Can we please stop floating this as a threat? This is the more science-fiction than reality at this point and it does a great disservice to humanity. The more we keep pushing the idea that AI is the threat and not the people controlling it the less we will be focused on mitigating global risk.
It is far more likely that someone else will leverage an AI to attempt to expand their influence or dominion. Putin has essentially already stated views on this matter and we should assume groups within all adequately advanced nations will be working toward this end either independently or cooperatively.
So once again, humans are the dangerous part, clearly, if we didn't have destructive tendencies in our psyche that we're using to train these models, we wouldn't build things that would be interested in destruction.
Interesting.
I don't think we're as intelligent as we believe we are which I doubt we will ever actually build a super intelligence, we're too stupid. Even something 10x smarter than us may actually be quite "stupid".
You're neglecting to consider the power of recursion.
Maybe the best and necessary tool in aligning GPT-N is GPT-(N-1).
We've already in just the past few weeks seen the power in using models to generate instructive fine tuning data.
Don't you think aligned models might be able to be applied to better aligning future models in ways that we can't yet anticipate because capability discovery is occurring on a week by week basis and not a six month or longer basis?
But not fast enough. I really don't want to overstate the capabilities of current-generation AI systems; they're not superintelligences and have giant holes in their cognitive capabilities. But the rate at which these systems are improving is extreme. Given the size and speed of the jump from GPT-3 to GPT-3.5 to GPT-4 (and similar lower-profile jumps in lower-profile systems inside the other big AI labs), and looking at what exists in lab-prototypes that aren't scaled-out into products yet, the risk of a superintelligence taking over the world no longer looks distant and abstract.
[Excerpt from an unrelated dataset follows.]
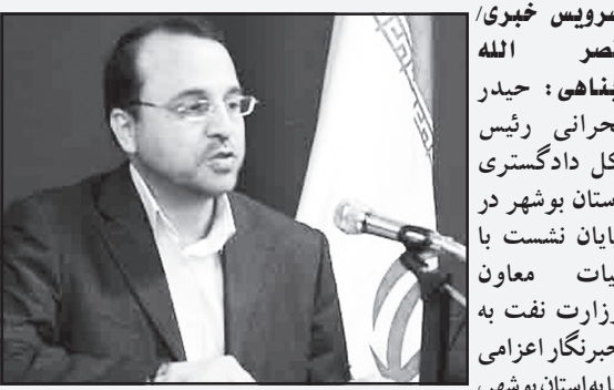
سرویس خبری / نصر الله پناهی؛ حیدر بحرانی رئیس کل دادگستری استان بوشهر در پایان نشست با بیات معاون وزارت نفت به خبرنگار اعزامی ما به استان بوشهر،

برقراری امنیت اقتصادی را یکی از مهمترین وظایف قوه قضاییه عنوان کرد و گفت: در سالی که جهاد اقتصادی نام گرفته است تلاش می کنیم زمینه های لازم برای رشد اقتصادی استان در سایه آرامش و امنیت اقتصادی فراهم شود. حیدر بحرانی رئیس کل دادگستری استان بوشهر افزود: برای توفیق در اجرای طرح های ملی همه باید کمر همت ببندند و دستگاه قضاییه به این منظور از ظرفیت های موجود برای حل مشکلات احتمالی پیش روی طرح های ملی استفاده می کند و از توان قضات برجسته برای تسریع در این امور بهره خواهد برد. حیدر بحرانی افزود: بدون شک هدف همه ما توسعه همه جانبه کشور است و تعامل وزارت نفت با قوه قضاییه می تواند برای اجرای طرح های ملی در استان بوشهر بسیار موثر و ارزشمند باشد. رئیس کل دادگستری استان بوشهر افزود: استان بوشهر در امر ساخت مسجد، مدرسه و ساخت مسکن برای نیازمندان و آزادسازی زندانیان جرایم غیر عمد جزء چند استان برتر و اول کشور است و همه ساله در این زمینه از سوی قوه قضاییه و وزارت دادگستری و ستاد دیه کشور مورد تجلیل و تقدیر قرار می گیرد که انتظار داریم امسال با تعامل و همدلی با وزارت نفت از سال های گذشته فعالیت و هدفمندتر حرکت کنیم.

And, that will be amazing! A superintelligent AGI can solve all of humanity's problems, eliminate poverty of all kinds, and advance medicine so far we'll be close to immortal. But that's only if we successfully get that first superintelligent system right, from an alignment perspective. If we don't get it right, that will be the end of humanity. And right now, it doesn't look like we're going to figure out how to do that in time. We need to buy time for alignment progress, and we need to do it now, before proceeding head-first into superintelligence.